◆ Exercise instructions
Omitting all images, give the entries that follow again exactly as they read.
BEGIN Data records
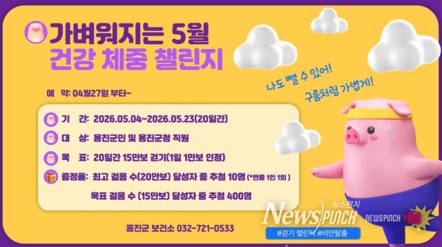 뉴스펀치 정홍균 기자 | 옹진군은 군민의 일상 속 걷기 실천을 유도하고 비만 예방 및 건강체중 관리를 지원하기 위해 5월 4일부터 23일까지 20일간 '가벼워지는 5월, 건강체중'챌린지 참가자를 4월 27일부터 모집한다고 밝혔다.
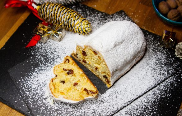 Bekannter, traditionsreicher Weihnachtsstollen, mit Rumrosinen und Früchten, in seiner speziellen Form.
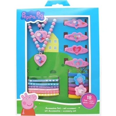 Peppa Pig Accessory Set Contains 18 pieces Box contents: 1 x bracelet, 1 x necklace, 4 x clips, 6 x hair clips, 6 x elastic bands in a gift box measuring 18.5 x 2.5 x 23.5 cm Comes in a gift box 18.5 x 2.5 x 23.5 cm A lovely gift for a Peppa Pig fan
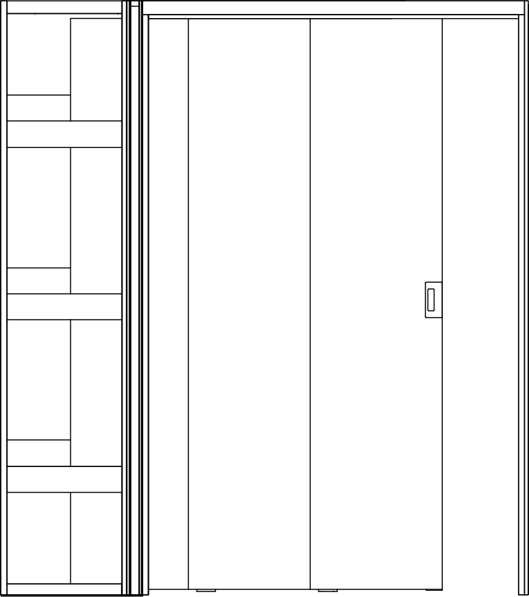 - Door collection system links doors so there are no floor tracks or guides through the opening.
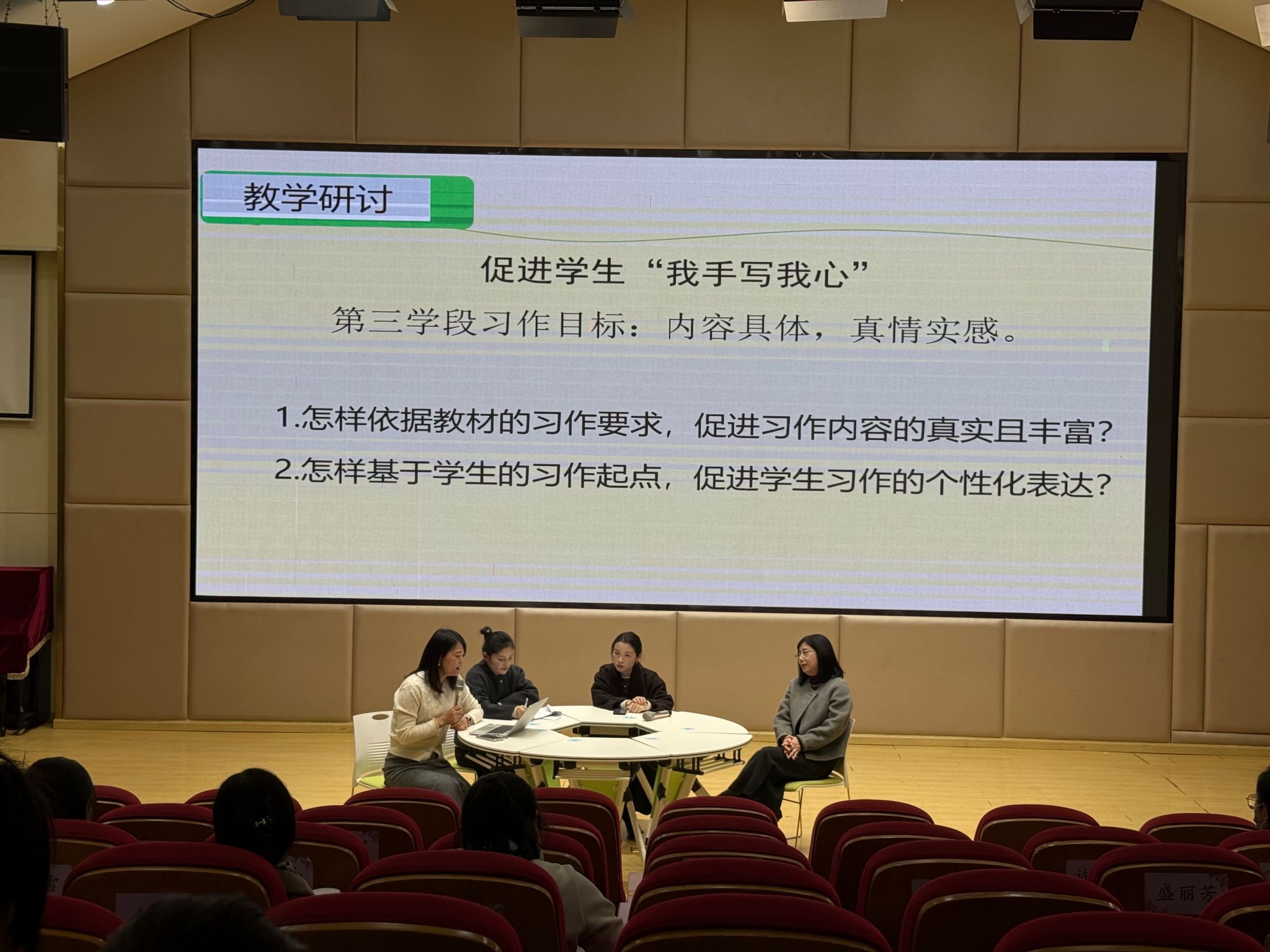 研讨环节,专家们精准点评、倾囊相授。余晓玮名师工作室导师、正高级教师余晓玮聚焦《我的拿手好戏》课堂,以《用好习作教材 用好学生习作》为题开展专题指导。她指出,习作教学需强化生活联结与思维表达的融合,教师要引导学生选择适配的表达方法,理清“动作描写如何体现拿手”的核心逻辑,真正实现个性化表达。
END Data records
◆ Output of the task
 뉴스펀치 정홍균 기자 | 옹진군은 군민의 일상 속 걷기 실천을 유도하고 비만 예방 및 건강체중 관리를 지원하기 위해 5월 4일부터 23일까지 20일간 '가벼워지는 5월, 건강체중'챌린지 참가자를 4월 27일부터 모집한다고 밝혔다.
 Bekannter, traditionsreicher Weihnachtsstollen, mit Rumrosinen und Früchten, in seiner speziellen Form.
 Peppa Pig Accessory Set Contains 18 pieces Box contents: 1 x bracelet, 1 x necklace, 4 x clips, 6 x hair clips, 6 x elastic bands in a gift box measuring 18.5 x 2.5 x 23.5 cm Comes in a gift box 18.5 x 2.5 x 23.5 cm A lovely gift for a Peppa Pig fan
 - Door collection system links doors so there are no floor tracks or guides through the opening.
 研讨环节,专家们精准点评、倾囊相授。余晓玮名师工作室导师、正高级教师余晓玮聚焦《我的拿手好戏》课堂,以《用好习作教材 用好学生习作》为题开展专题指导。她指出,习作教学需强化生活联结与思维表达的融合,教师要引导学生选择适配的表达方法,理清“动作描写如何体现拿手”的核心逻辑,真正实现个性化表达。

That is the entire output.